Pierre Robin sequence
Pierre Robin sequence (PRS) is a condition present at birth. With this condition, the infant has a small lower jaw and a tongue located further back in the mouth. Both of these differences may cause problem with breathing. Many children with Pierre Robin sequence also have a cleft palate. PRS occurs in around one in 10,000 births. It is called a sequence because it is a series of events that happen during pregnancy.
PRS can occur by itself or as part of a genetic syndrome (a disorder with more than one identifying symptom or affected area). It is extremely important for an infant with PRS to see a geneticist (a medical doctor who specialists in conditions passed from parents to a child). The geneticist will check if PRS is part of a syndrome or the only thing found. We will help set up this appointment for you.
The exact cause of PRS is not known. Certain factors which crowd the fetus may cause problems with the growth of the lower jaw. Some conditions related to the nervous system lead to decreased jaw movement while the baby is in the womb and can lead to PRS. There are also studies that demonstrate a genetic basis for PRS.
Areas of concern and treatment options
Breathing - The most important concern for babies with PRS is safe breathing. When a baby with PRS lies on their back, their tongue may fall back and block the airway at the back of the throat. How much a child’s breathing is affected depends on the severity of PRS. If PRS is very mild, there may be no airway concerns. As the severity increases, so do the concerns for safe breathing.
A baby with mild PRS and no or few airway problems usually does well if positioned on their stomach as this allows the tongue to fall forward out of the airway. If this positioning does not work, the baby may need to try a nasal trumpet. This is a small tube placed in the nose to improve airflow into the upper airway. When effective, a nasal trumped can help a child avoid surgery.
More severe forms of PRS may need surgery to help the baby breathe. If there are no other problems with the structure of the airway, there are several surgical options available for this. One option is a procedure that lengthens the lower jaw to open the airway.

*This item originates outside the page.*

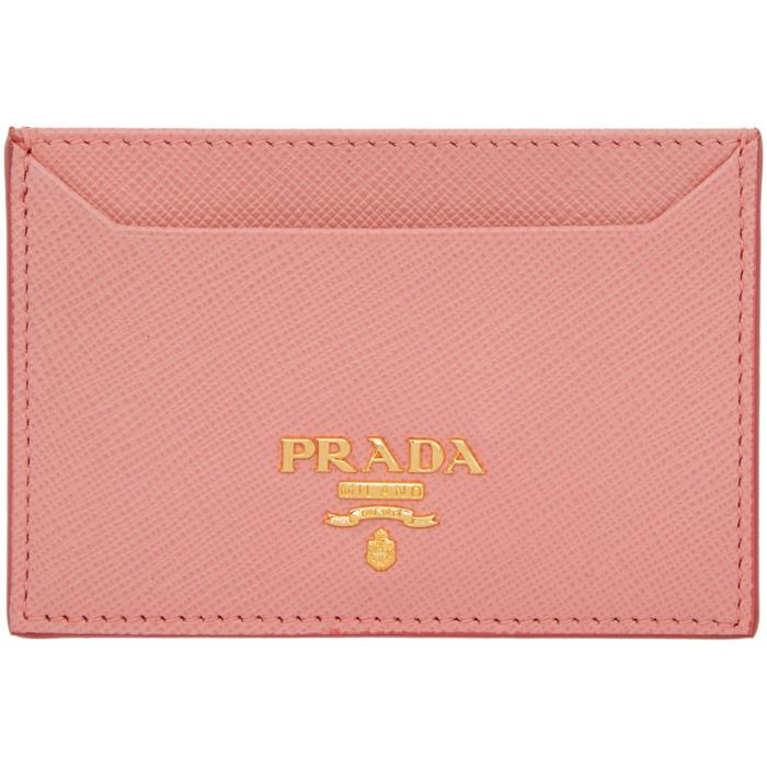 peony pink saffiano leather card holder prada

Because multiple related issues may need to be addressed, an evaluation by a craniofacial surgeon is needed to be sure a child gets the best treatment option. For babies who have other problems in their lower airway, surgery to create an opening in the neck for a breathing tube may be needed. If the baby has a cleft palate [LINK to cleft palate page], surgery to close the palate usually occurs around the time a child turns one year of age.
Feeding – A baby must be able to breathe well in order to feed. Any breathing or airway problems must be addressed before a baby can feed effectively. Sometimes, holding your baby in special positions may help with feeding. If a baby has a cleft palate, feeding with specialized bottles and nipples is very helpful. Feeding strategies like those used for babies with cleft palate can help establish good feeding. Our team also offers feeding consultation services.
If feeding remains a problem, other ways of getting nutrition, such as a nasogastric (NG) tube, may be needed. This is a small tube passed through the nose into the stomach. In rare cases, a baby may require a gastrostomy tube, which is a tube surgically placed through the belly into the stomach for nutrition. Most children with PRS outgrow their feeding problems by one to two years of age.
Taking care of a child with PRS is more than just performing surgical procedures. It requires very close follow-up. Having PRS can affect a child’s appearance, self-esteem, feeding, teeth, hearing and speech. This is why all children with PRS are followed regularly by our multidisciplinary team. Experts dedicated to the care of children with craniofacial conditions from a wide range of pediatric specialties work together on this team to make sure children receive the best care possible.